Supplement to Part 3 of **time series forecasting with energy**

In [0]:
# LOAD THE REPOSITORY
# if you are working from outside the repository
# this happens if you use colab like I do
!git clone https://github.com/sandeshbhatjr/energy-prediction.git

# Basic Deep Learning Models

Deep learning has shown promising results in many areas of machine learning problems, and it is natural to wonder if it can have any significant impact in the time-series forecasting arena. In the image and NLP domains, convNets and LSTMs respectively reign supreme, and the question is- what is the relevant architecture for a SOTA time-series prediction?

In [0]:
%tensorflow_version 2.x
from tensorflow.keras.models import Sequential
from tensorflow.keras.layers import Dense
from tensorflow.keras.layers import SimpleRNN
from tensorflow.keras.layers import GRU
from tensorflow.keras.layers import LSTM
from tensorflow.keras.layers import BatchNormalization

**Some preprocessing for NNs**

The preprocessing is pretty standard: we scale all continuous features by variance since NNs are extremely sensitive to scale, and one-hot encode the categoric variables.

In [0]:
# NNs are sensitive to range, so rescale
mean = german_df_with_load_and_gen['Day Ahead Price'].mean()
var = german_df_with_load_and_gen['Day Ahead Price'].var()
german_df_with_load_and_gen['Day Ahead Price (rescaled)'] = (german_df_with_load_and_gen['Day Ahead Price'] - mean) / var

mean = german_df_with_load_and_gen['Total Load'].mean()
var = german_df_with_load_and_gen['Total Load'].var()
german_df_with_load_and_gen['Total Load (rescaled)'] = (german_df_with_load_and_gen['Total Load'] - mean) / var

mean = german_df_with_load_and_gen['Total Generation'].mean()
var = german_df_with_load_and_gen['Total Generation'].var()
german_df_with_load_and_gen['Total Generation (rescaled)'] = (german_df_with_load_and_gen['Total Generation'] - mean) / var

We have a few categorical variables in our data: deep models will need them to be one-hot encoded for use.

In [0]:
ohe_holiday_df = pd.get_dummies(german_df_with_load_and_gen[['DE', 'LU']])
ohe_bidding_zones_df = pd.get_dummies(german_df_with_load_and_gen['Bidding Zone'])

proc_german_df = pd.concat([german_df_with_load_and_gen, ohe_bidding_zones_df], axis=1)
proc_german_df2 = pd.concat([proc_german_df, ohe_holiday_df], axis=1)

Finally, we split the dataset into a a training and validation set.

In [0]:
train_df, val_df = test_train_timesplit(proc_german_df2, train_size=0.9, test_size=0.1)

In [0]:
# convert each hour to multi-sequential form
price_train_X_data = extractHourlyData(train_df, ['Day Ahead Price (rescaled)', 'Day of Week'] + sorted(ohe_bidding_zones_df) + sorted(ohe_holiday_df))
price_train_y_data = extractHourlyData(train_df, ['Day Ahead Price (rescaled)'])
price_val_X_data = extractHourlyData(val_df, ['Day Ahead Price (rescaled)', 'Day of Week'] + sorted(ohe_bidding_zones_df) + sorted(ohe_holiday_df))
price_val_y_data = extractHourlyData(val_df, ['Day Ahead Price (rescaled)'])

## Feedforward NN
The simplest deep model that we can come up with is a feed-forward neural network that takes into account the time and date of the price, and the bidding zone.
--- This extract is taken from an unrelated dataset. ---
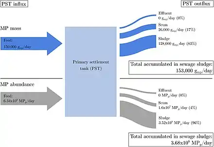 * à gauche : taux et masse de microparticules de plastiques (MP) transitant et sortant de la station d'épuration (PST) de Nash au Royaume-Uni, qui traite les eaux usées de 300 000 Équivalent-habitant ;

This does not take into account the recent history of the prices, hence is not capable of noticing local trends in price based on previous day prices.

In [0]:
X_train = train_df[[
                  'Day', 
                  'Month', 
                  'Year', 
                  'Hour', 
                  'Day of Week', 
                  'Daylight Savings Time'] \
                   + sorted(ohe_bidding_zones_df) + sorted(ohe_holiday_df)].to_numpy()
y_train = train_df['Day Ahead Price (rescaled)'].to_numpy()

# define model
ffmodelA = Sequential()
ffmodelA.add(Dense(80))
ffmodelA.add(Dense(30))
ffmodelA.add(Dense(1))

# train the model
ffmodelA.compile(loss='mae', optimizer='Adam')
ffmodelA.fit(X_train, y_train, epochs=50, validation_split=0.01, verbose=0)

## RNN

First up, we will tackle standard architectures for sequential data: RNN, GRU and LSTM. `Keras` makes it a relatively easy task to set them up, and see how they perform.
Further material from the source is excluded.